Contribution of CYLN2 and GTF2IRD1 to neurological and cognitive symptoms in Williams Syndrome
Introduction
Williams Syndrome (WS, also known as Williams–Beuren syndrome, MIM 194050) is a genetically determined neurodevelopmental disorder, which is characterized by a rather unique combination of distinct facial features and medical complications on the one hand and characteristic behavioral patterns and cognitive disabilities on the other hand (for reviews see, e.g., Bellugi et al., 1999, Morris and Mervis, 2000, Mervis, 2003, Tassabehji, 2003). The facial features include a broad nasal tip, a long philtrum and full cheeks and lips, while the medical complications are dominated by supravalvular aortic stenosis (SVAS) and pulmonary arterial stenosis (PAS), growth retardation, intermittent hypercalcemia, hyperacusis and dental abnormalities. The behavioral and cognitive abnormalities are also reflected in a wide variety of symptoms including abnormal gait, impaired stair and surface stepping, dysmetria of saccadic eye movements, a low mean IQ varying from 40 to 79, poor visual–motor integration and attention deficits (Trauner et al., 1989, Bellugi et al., 1990, Chapman et al., 1996, Gosch and Pankau, 1996, Withers, 1996, Mervis et al., 2001, van der Geest et al., 2004, van der Geest et al., 2005). In contrast to the neuropsychological features listed above, language and musical skills of WS patients are relatively spared, and their personalities are usually friendly, social and engaging (Bellugi et al., 1999). Because of their outgoing character, the mental retardation of WS patients is often underestimated.
The peculiar sets of symptoms and features of WS patients generally result from a 1.55 Mb submicroscopic deletion of 25–30 genes in chromosome band 7q11.23, which is called the WS critical region (Ewart et al., 1993, Francke, 1999, Osborne, 1999, Korenberg et al., 2000). However, some patients suffer from a smaller deletion comprising only a subset of the general spectrum of WS genes. Genotype–phenotype correlation studies of these patients have revealed important new insights in the genetic causes of some of the typical WS symptoms. So far, the strongest correlations have been found for some of the facial symptoms and medical complications. For example, heterozygous deletions of GTF2IRD1 and Elastin have been found to cause the craniofacial abnormalities and vasculopathology, respectively (Ewart et al., 1993, Ewart et al., 1994, Tassabehji et al., 2005). Studies on the genotypical and phenotypical relations have also provided new insights in the genes that may contribute to the neuropsychological characteristics of WS patients, but due to the complexities of the brain and behavior these correlations often are harder to pinpoint to single genes and single symptoms. As it stands hemizygosity of GTF2I probably contributes to the cognitive, behavioral or neurological symptoms of WS (Hirota et al., 2003, Morris et al., 2003), while hemizygous deletions of STX1A or FZD9 (formerly known as FZD3) do not (Botta et al., 1999, Tassabehji et al., 1999). The possible contribution of several other genes that are prominently expressed in the brain awaits further confirmation; these include the roles of LIMK1 (Frangiskakis et al., 1996, Tassabehji et al., 1999, Morris et al., 2003), GTF2IRD1 (Bayarsaihan et al., 2002, Hirota et al., 2003) and cytoplasmic linker protein II (CYLN2) encoding CLIP-115 (De Zeeuw et al., 1997, Hoogenraad et al., 2002). The potential contribution of these genes to the WS phenotype remains to be elucidated, because either conflicting data have been reported and/or we are still missing detailed behavioral examinations of WS patients with particular restricted lesions in the telomeric region.

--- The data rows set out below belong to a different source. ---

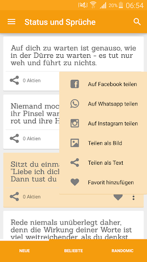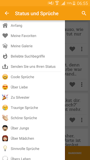 Mit der App "Status und Sprüche" finden Sie in der Hand Tausende von Phrasen und Reflexionen, die Ihr Herz berühren wird.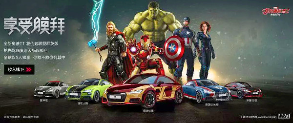 Az Audi is adott néhány autót és némi anyagi támogatást a Bosszúállók: Ultron kora című film elkészítéséhez, és most megpróbál anyagilag is tőkét kovácsolni a filmszerepből. Kínában rögtön kétféle The Avengers (a film eredeti címe) limitált szériát kínálnak, az egyszerűbb kék vagy sárga színben kérhető, a The Avengers Heroes vásárlója pedig választhat, melyik főhős karakterét akarja viszont látni autójának külsején.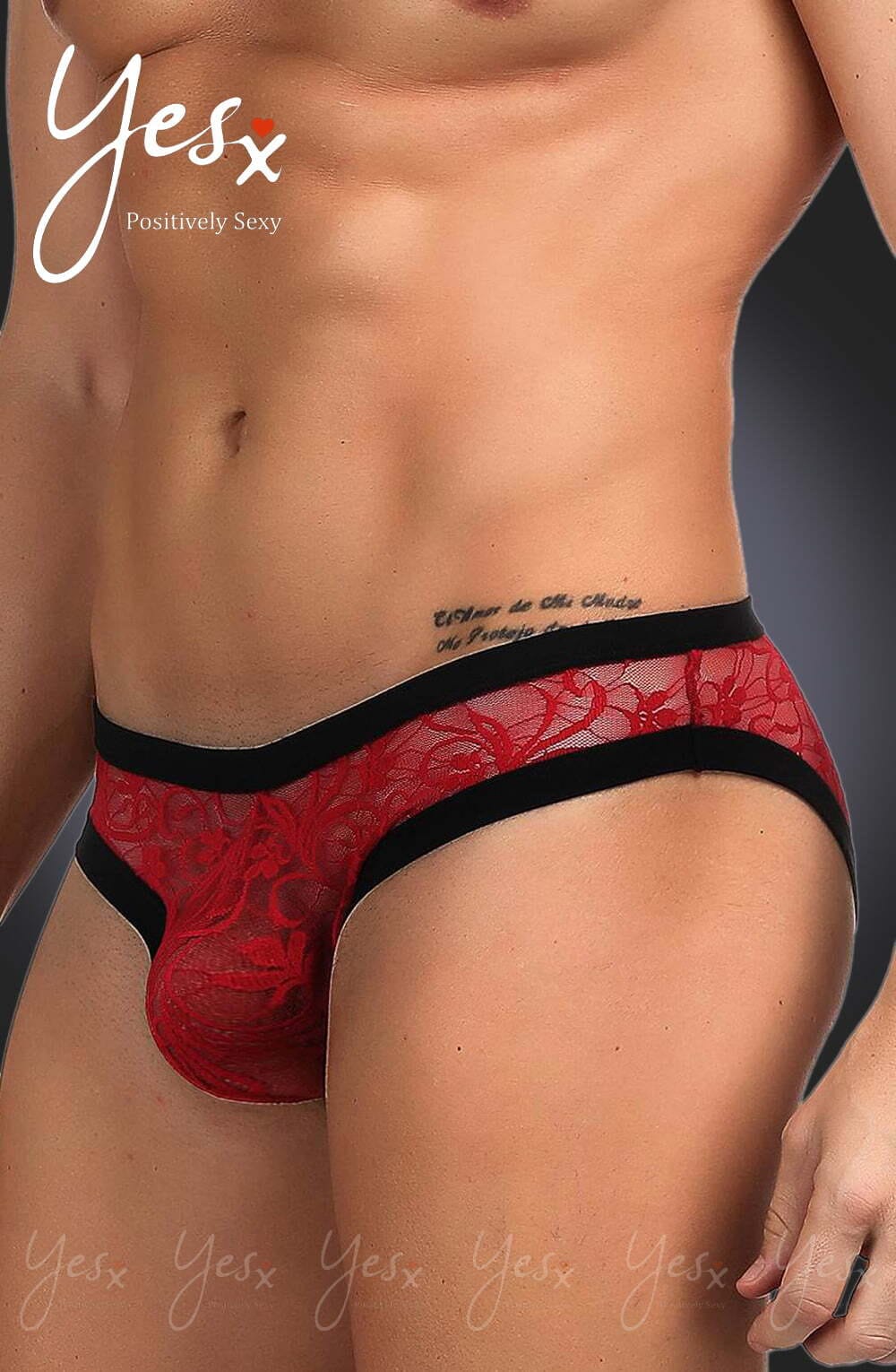 Red sheer floral lace with black trim men’s brief that are guaranteed to make a sexy addition to your lingerie collection.

Here we address the question as to what extent the genes CYLN2 and GTF2IRD1 may contribute to the cognitive and motoric deficits in WS. We describe a new patient in which STX1A and LIMK1 are hemizygously deleted, while CYLN2 and GTF2IRD1 are preserved. Furthermore, we investigated the brain morphology and behavior of two strains of mutant mice in which the expression of CYLN2 (Hoogenraad et al., 2002) and GTF2IRD1 (Durkin et al., 2001) are specifically affected. Since hippocampal and cerebellar structures are likely to be affected in WS patients (Hoogenraad et al., 2002, Jones et al., 2002, van der Geest et al., 2004), we focused our behavioral assessments on potential deficits associated with these brain regions.
Section snippets
Patient
Our patient (WS75) is a boy of 16.8 years of age. His parents gave their written informed consent for the genetic analysis and the behavioral tests. The results of these tests were compared to a group of typical WS patients and healthy controls, who participated in a large study on Williams Syndrome in The Netherlands. The study was approved by the Medical Committee of the Erasmus MC and the VU University Medical Center.
FISH analysis
Chromosome analysis was performed on the blood using standard resolution
Clinical description
Subject WS75 is the first child of non-consanguineous parents of Turkish origin. Pregnancy and delivery were uncomplicated. Psychomotor development appeared normal. The boy started to walk without support and spoke his first words at 1 year of age. After receiving extra Dutch lessons the boy is now attending regular schooling. His intelligence is slightly below normal (full scale IQ 85). Because of the detection of a supravalvular aortic stenosis and multiple peripheral pulmonary arterial
Discussion
In this paper we describe a subject with an atypical deletion in the Williams Syndrome critical region, but without any of the common features of Williams Syndrome except for the congenital heart malformation. Genetic analysis showed that subject WS75 had a deletion of genes FKBP6, FZD9, TBL2, STX1A, ELN and LIMK but not of the genes RFC2, CYLN2, GTF2IRD1 and GTF2I. The results of the tests performed in this patient and the results of the tests in the mutant mice strongly suggest a role for
Acknowledgments
The authors are grateful to the boy and his parents for their cooperation to the study. We would like to thank the participants (and their parents) in the “Rotterdam/Amsterdam Williams Syndrome Study” and the Dutch “Netwerk Williams Syndroom” for their cooperation. This research was supported by grants from the Netherlands Organization for Scientific Research (NWO; Zon-MW), Neuro-Bsik (Senter), EU (SENSOPAC), Prinses Beatrix Fonds and by the Revolving Fund of the Erasmus MC.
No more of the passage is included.